I was expecting that when I take (for example, in MATLAB), s2 = fft(s1/norm(s1)), the norm of s2 is not equal one, norm(s2) $\neq$ 1.

I cannot figure out why this is! Can anyone shed light on this?

Depends on the scaling of the FFT pair for the conventional case (no scaling for the forward FFT and 1/N for the inverse FFT), the frequency domain norm will be higher by sqrt(N) where N is the FFT length.

The alternative would to to use 1/sqrt(N) for both forward and inverse FFT in which case the norm would be preserved. Both versions can be found in practice.

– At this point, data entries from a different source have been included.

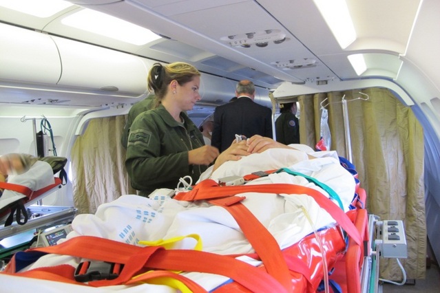 Péče o zraněné české turisty na palubě letounu Airbus A-319 CJ Armády České republiky se zdravotnickou vestavbou
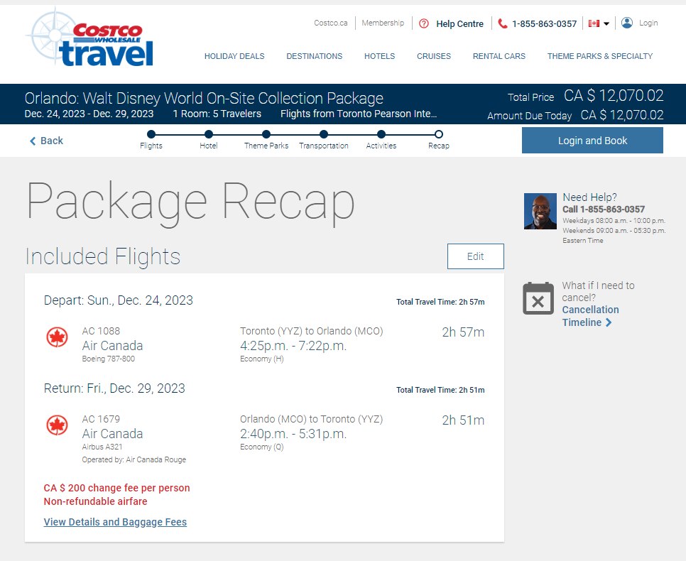 특히 온타리오나 퀘벡에서는 올랜도가 가깝기 때문에 정말 인기가 많다. 우리 가족도 이번 연말에 계획된 여행까지 고려하면 총 3번을 다녀오게 된다. 처음에는 인터넷 여행사를 통해서 예약을 하였고, 두 번째는 코스트코트래블(costcotravel.ca)을 통해서 예약을 하였다. 점점 경험이 생겨서 그런지 이번에는 비용을 줄이면서도 내가 원하는 방식으로 여행을 하기 위해서 비행기표, 호텔, 렌터카 및 디즈니월드 티켓 모두 그냥 혼자서 별도로 구매를 했다.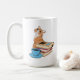Cute orange cat, blue coffee cup and pile of books. Book lovers quote coffee mug.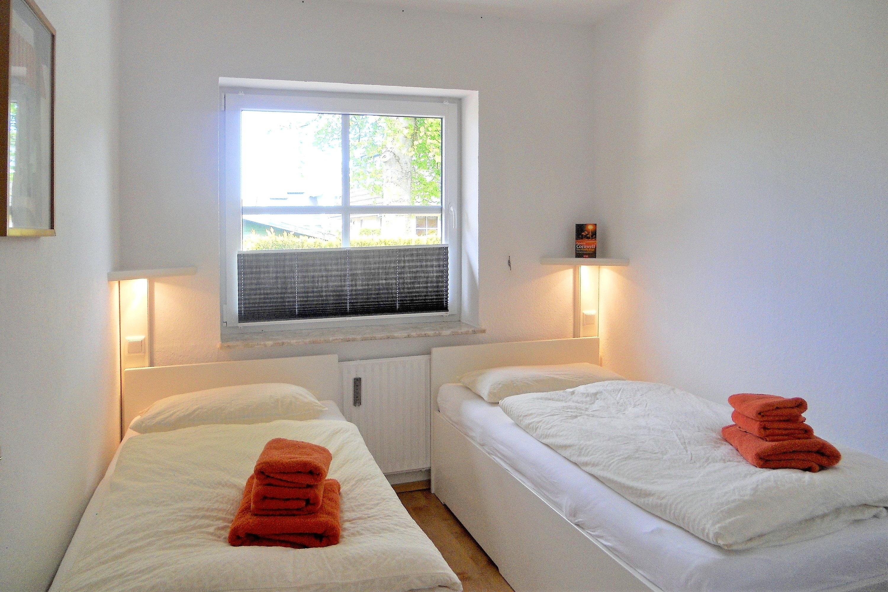 Ruhig gelegen mitten in der kleinen Föhrer Stadt Wyk liegt unsere gepflegte, kleine Erdgeschosswohnung "Rugstieg 8/2" (33qm) für 2 Personen. Das lichtdurchflutete Wohnzimmer mit Schlafsofa, Flachbild-TV, DVD-Player, WLAN, Stereoanlage und integrierter Essecke bietet Ihnen den Zugang zur eigenen kleinen Terrasse, wo Sie schöne Sonnenstunden genießen können. Eine Pantryküche mit 2 Kochplatten, Kühlschrank mit Gefrierfach, Kaffeemaschine (Senseo Duo) und Wasserkocher ist zweckmäßig und funktional. Das Das Bad mit Fenster verfügt über eine Dusche mit Schiebetür und ist hell gefliest. Im Schlafzimmer finden Sie zwei Einzelbetten vor, die geruhsame Nächte versprechen. Das Haus mit seinen vier allergikergerechten Ferienwohnungen bietet seinen Gästen zur gemeinschaftlichen Nutzung weiterhin im Untergeschoss Waschmaschine und Trockner, eine Sauna und einen kleinen Fitnessraum an sowie den gemeinschaftlich Garten.

There are different conventions in scaling of the FFT, in MATLAB you need to scale it by $\sqrt{N}$, where $N$ is your number of samples. Saying it in matlabish:

clc, clear all
%% Create some sinusoidal signal with noise
t = linspace(0, 6*pi, 1000)+randn(1,1000);
s1 = sin(2*pi*t);
% Calculate the norm of s1
s1_norm = norm(s1);
display(sprintf('L2 norm of s1: %.2f', s1_norm))
%% Create signal s2 as the FFT of normalised s1
% Scale FFT by sqrt(N) - this is convention used in MATLAB
s2 = fft(s1)/sqrt(length(t));
% Calculate the norm of s2
s2_norm = norm(s2);
display(sprintf('L2 norm of s2: %.2f', s2_norm))